Supplied information:
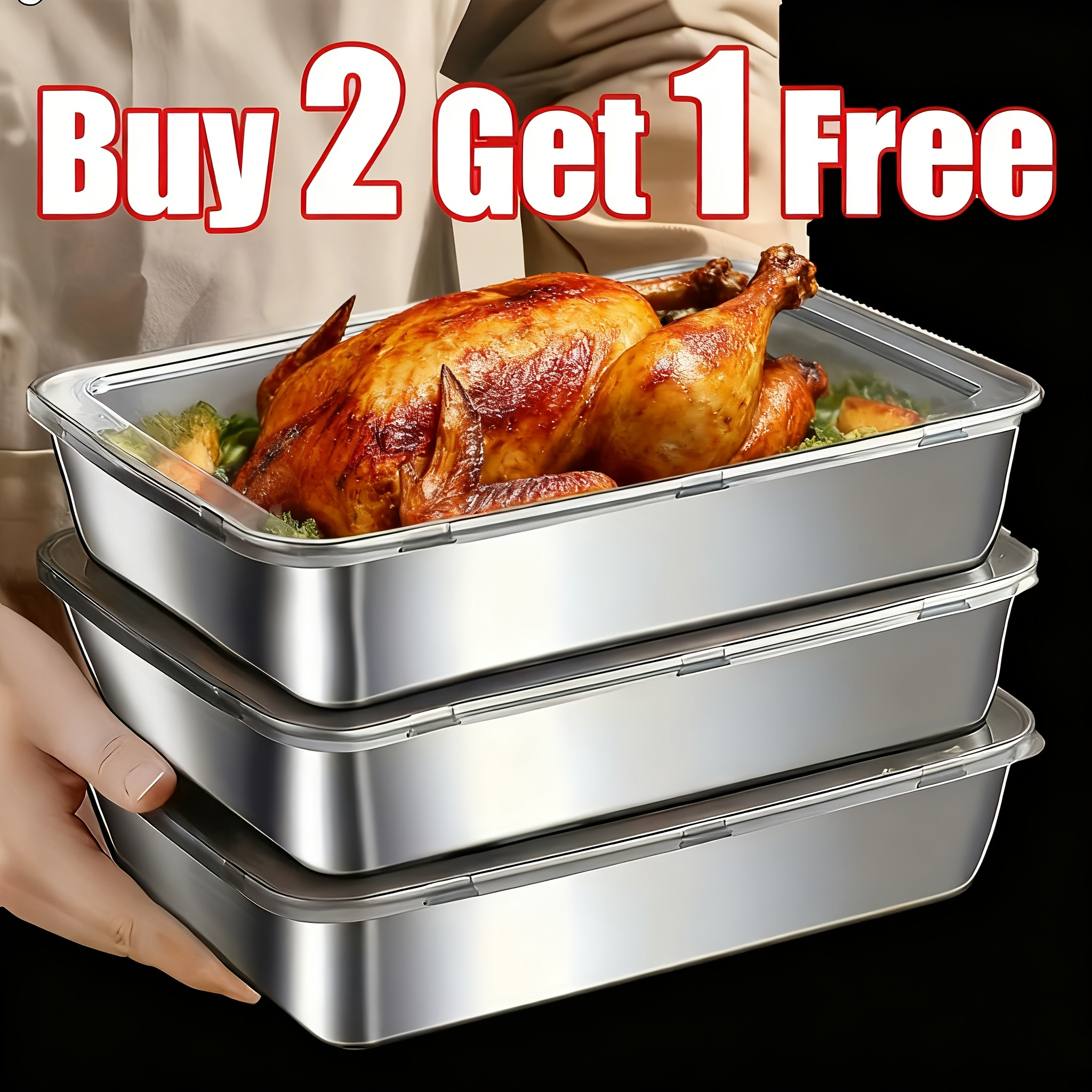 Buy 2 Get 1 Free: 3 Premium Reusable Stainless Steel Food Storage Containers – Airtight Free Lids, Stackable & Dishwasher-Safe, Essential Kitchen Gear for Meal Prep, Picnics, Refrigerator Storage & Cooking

==

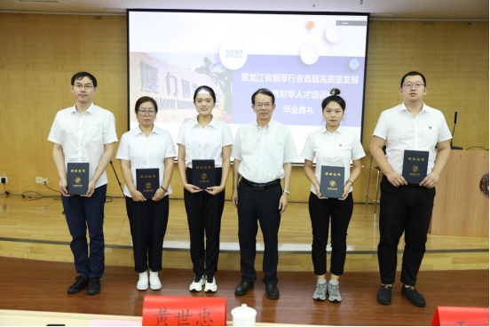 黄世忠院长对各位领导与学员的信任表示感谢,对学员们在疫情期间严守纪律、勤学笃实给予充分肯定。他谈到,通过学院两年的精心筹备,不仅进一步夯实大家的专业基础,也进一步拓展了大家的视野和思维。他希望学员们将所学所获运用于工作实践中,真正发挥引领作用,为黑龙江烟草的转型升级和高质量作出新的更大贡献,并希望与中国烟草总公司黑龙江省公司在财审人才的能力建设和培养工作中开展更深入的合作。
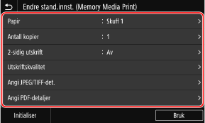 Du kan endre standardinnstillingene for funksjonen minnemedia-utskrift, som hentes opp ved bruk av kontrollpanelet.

Your goal: From the material above, give again exactly the lines from the one that contains "黄世忠院长对各位领导与学员的" through the one that contains "Du kan endre", and leave out the pictures.

Answer:
 黄世忠院长对各位领导与学员的信任表示感谢,对学员们在疫情期间严守纪律、勤学笃实给予充分肯定。他谈到,通过学院两年的精心筹备,不仅进一步夯实大家的专业基础,也进一步拓展了大家的视野和思维。他希望学员们将所学所获运用于工作实践中,真正发挥引领作用,为黑龙江烟草的转型升级和高质量作出新的更大贡献,并希望与中国烟草总公司黑龙江省公司在财审人才的能力建设和培养工作中开展更深入的合作。
 Du kan endre standardinnstillingene for funksjonen minnemedia-utskrift, som hentes opp ved bruk av kontrollpanelet.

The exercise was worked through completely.